- Theology: Progressive Judaism
- Chief executive officer: Charley Baginsky
- Chair: Karen Newman
- Chairs of the Conference of Liberal Rabbis and Cantors: Anna Wolfson Igor Zinkov
- Associations: World Union for Progressive Judaism
- Region: United Kingdom
- Headquarters: Montagu Centre, London
- Founder: Claude Montefiore, Lily Montagu
- Origin: 16 February 1902 35 Porchester Terrace, London
- Congregations: 41
- Members: 7,197 households (2010)
- Official website: www.liberaljudaism.org

= Liberal Judaism (United Kingdom) =

Jewish denomination in Britain

Liberal Judaism (formerly known as the Union of Liberal and Progressive Synagogues and the Jewish Religious Union) was one of the two WUPJ-affiliated Progressive Jewish denominations in the United Kingdom.

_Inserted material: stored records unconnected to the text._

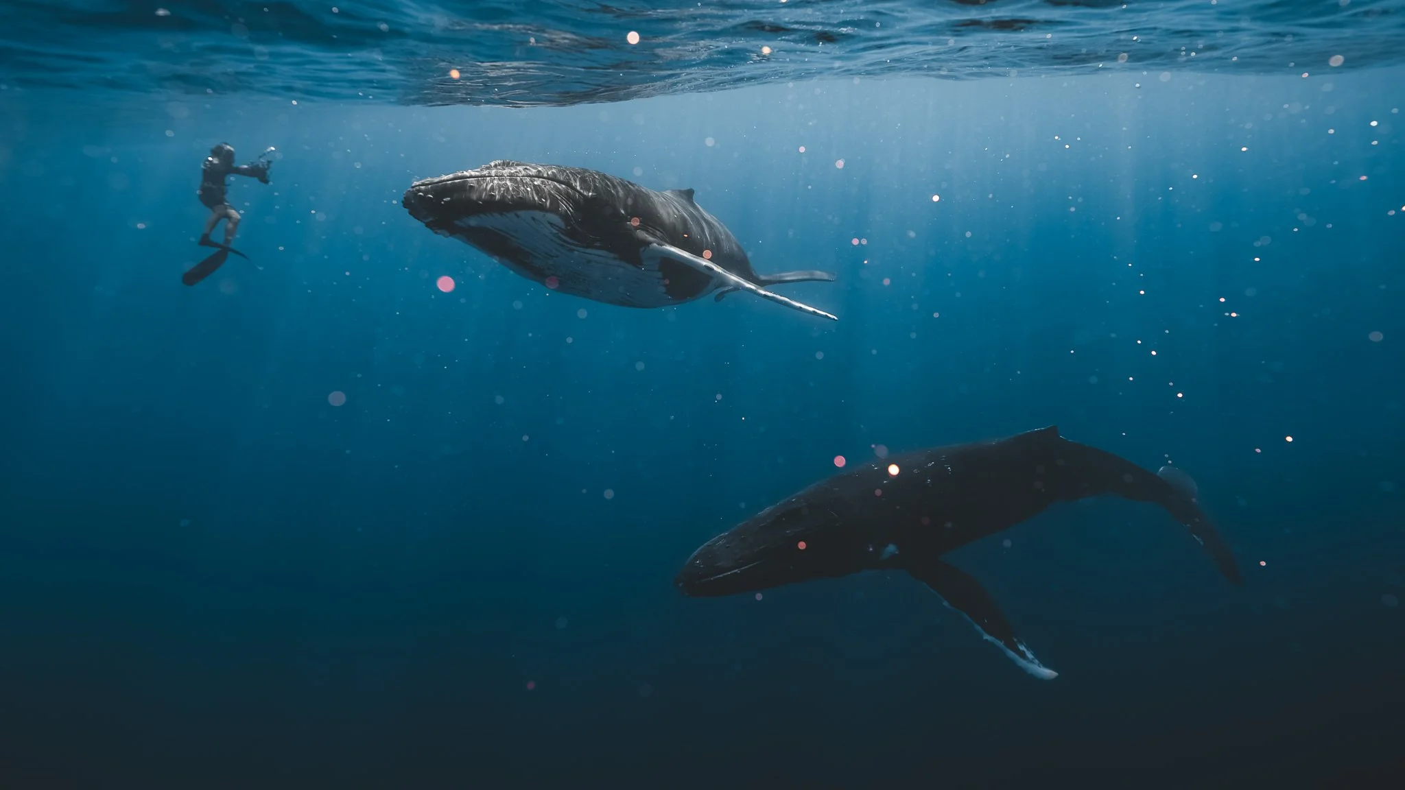 Every year, between mid-July and mid-November, thousands of Humpback whales migrate from Antartica, where they feed, all the way to French Polynesia, where they mate, give birth and raise their calves. A unique opportunity to respectfully get in the water with them !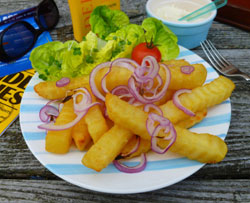 If you are a regular visitor to the British coast during the summer holidays, particularly those frequented by surfers, you may have come across ‘Surfer’s Chips’ in the local beach café. This high energy snack is both delicious and easy on the pocket, and is simply chips topped with sliced onion and grated Cheddar cheese.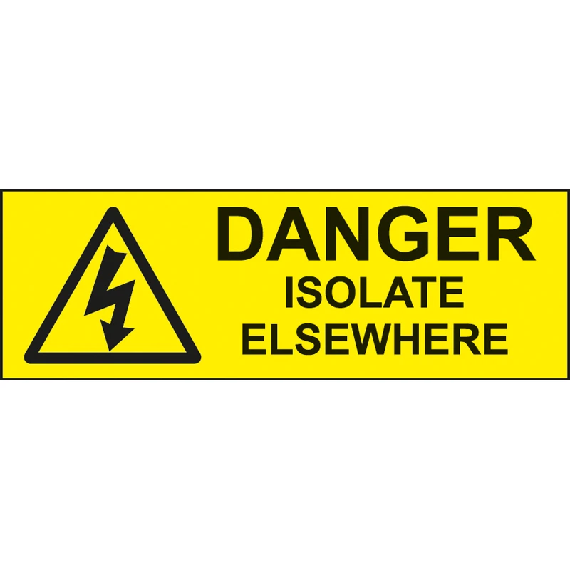 This is a Newlec SAV warning label displaying “Danger Isolate Elsewhere” in Black and Yellow. · · · Fully weatherproof · · Ideal for internal or external application · · RPSA = Rigid plastic self adhesive · · SAV = Self adhesive vinyl · · Products compliant to BS 5499 (Safety Sign Regulations) · · Products conform to IEE Wiring Regulations BS 7671 (2001)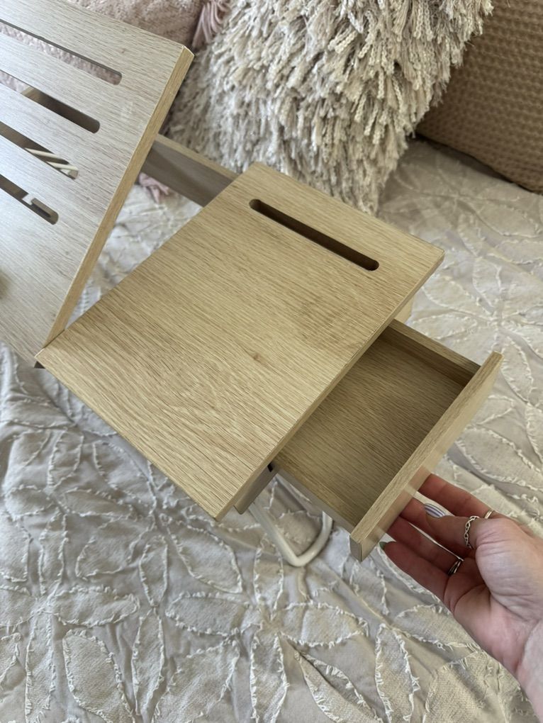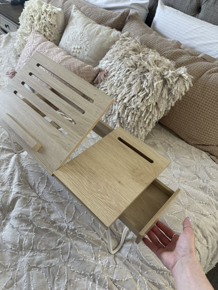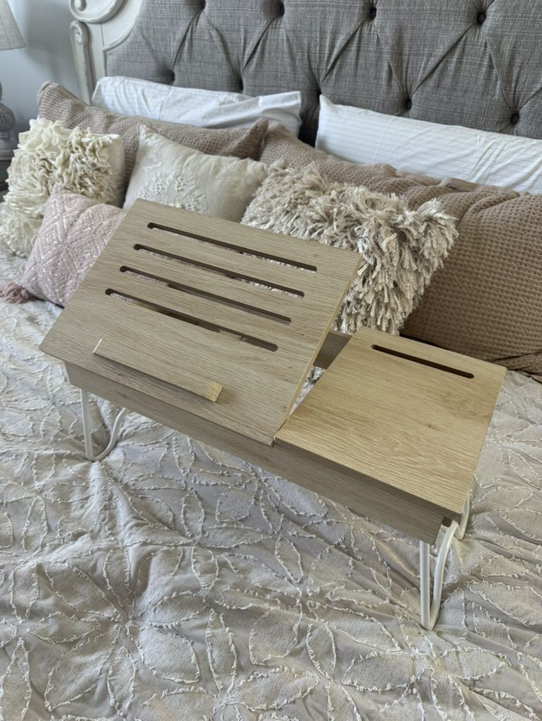ApplePayWood breakfast-in-bed tray with folding legs and built-in storage compartment.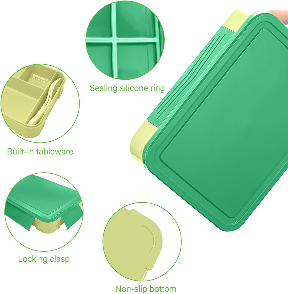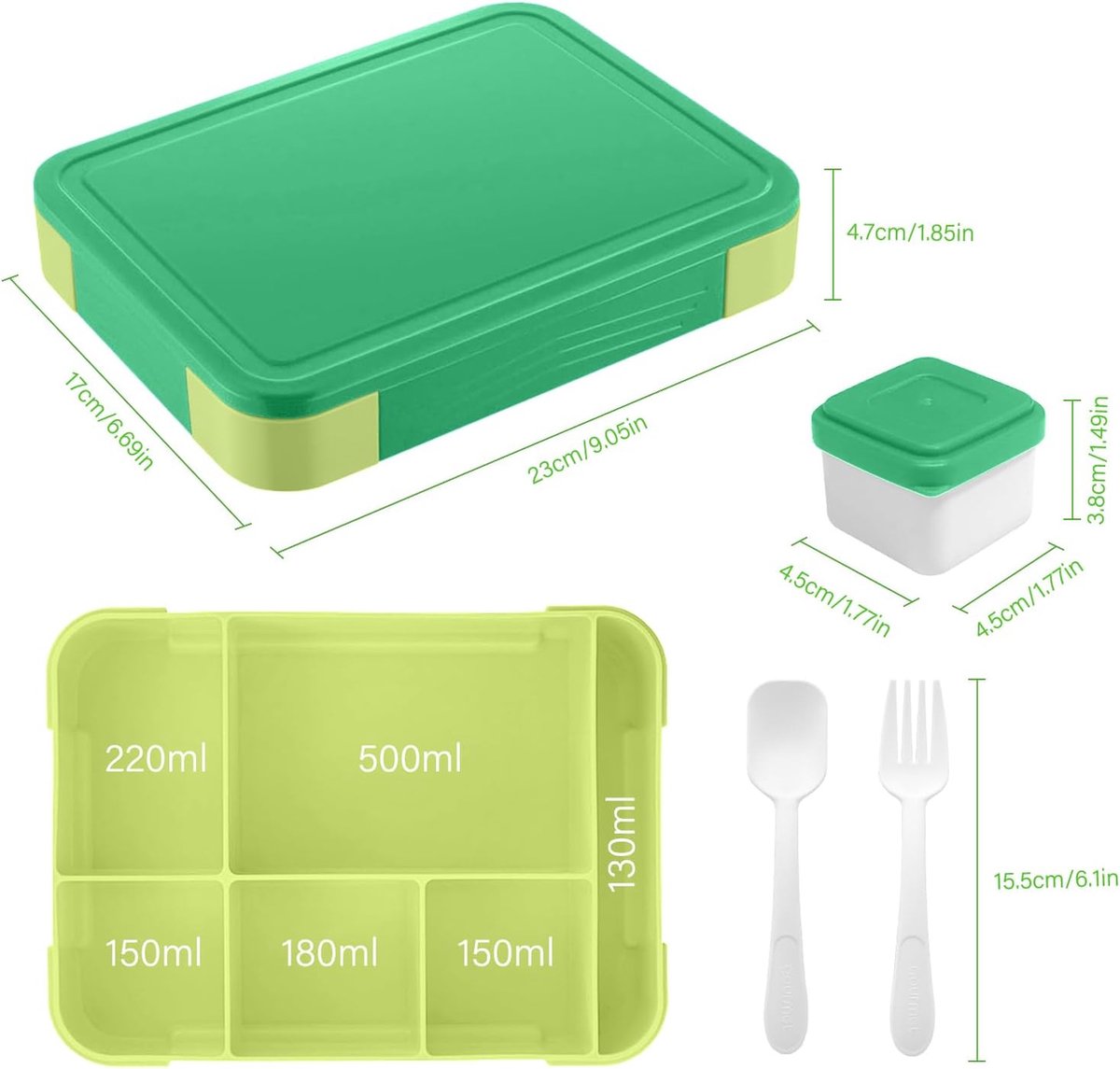 Lunchbox 1300 ml, lekvrij, broodtrommel voor kinderen met 5 vakken en bestekset, BPA-vrij, broodtrommel voor kinderen en volwassenen, voor magnetron, vaatwasser (groen)

On 18 May 2025, a vote confirmed that Liberal Judaism would unite with the Movement for Reform Judaism into one Progressive Judaism for the UK and Ireland.

Liberal Judaism began to form in 1899. A first service took place at Marylebone’s Great Central Hotel in 1902, with The Liberal Jewish Synagogue founded in 1911. Many people played a role in its creation, with the key founders known as the ‘three Ms’ – Claude Montefiore, Lily Montagu and Rabbi Dr Israel Mattuck.

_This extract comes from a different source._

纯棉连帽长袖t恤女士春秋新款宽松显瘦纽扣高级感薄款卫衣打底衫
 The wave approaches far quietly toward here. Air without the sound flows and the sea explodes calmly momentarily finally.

It was originally smaller and considered to be more radical in comparison with the Movement for Reform Judaism, however differences between the two evaporated in the 21st century with Reform – previously seen as the more traditional – modernising, and Liberal Judaism re-adopting some discarded traditions. Both denominations came to very similar positions on principle and practice, "seeking to marry the traditions of the past with the realities of the present".

Before the merger, Liberal Judaism was the fourth largest Jewish religious group in Britain, with 8.7% of synagogue-member households. Post-unification, as one Progressive Judaism, it is now part of the second largest, with roughly 30% of synagogue affiliated Jews as members.

==Belief and practice==

The beliefs of Liberal Judaism are outlined in The Affirmations of Liberal Judaism, authored in 1992 by Rabbi John D Rayner, the most prominent of the movement's later theologians. Like Liberal Judaism founder Claude Montefiore, Rayner shared the ideals of worldwide Reform Judaism, also known as Progressive or Liberal Judaism. Rayner affirmed a personal God; an ongoing (or "progressive") revelation allowing all to form their own views of religiosity; mandating a critical understanding of sacred texts and the evolving nature of Judaism across the ages; the separation between the ethical and ritual aspects of Judaism, with the latter serving as an instrumental capacity of the former and having no intrinsic value; personal autonomy for the individual Jew; a belief in a messianic era of harmony instead of a personal messiah; and the rejection of bodily resurrection of the dead in favour of, at most but not necessarily, the immortality of the soul. The centrality of the Prophets' moral teachings was also stressed. As in the other branches of worldwide Progressive Judaism, these convictions laid little emphasis on practical observance and regarded the mechanisms of Jewish law as basically non-binding.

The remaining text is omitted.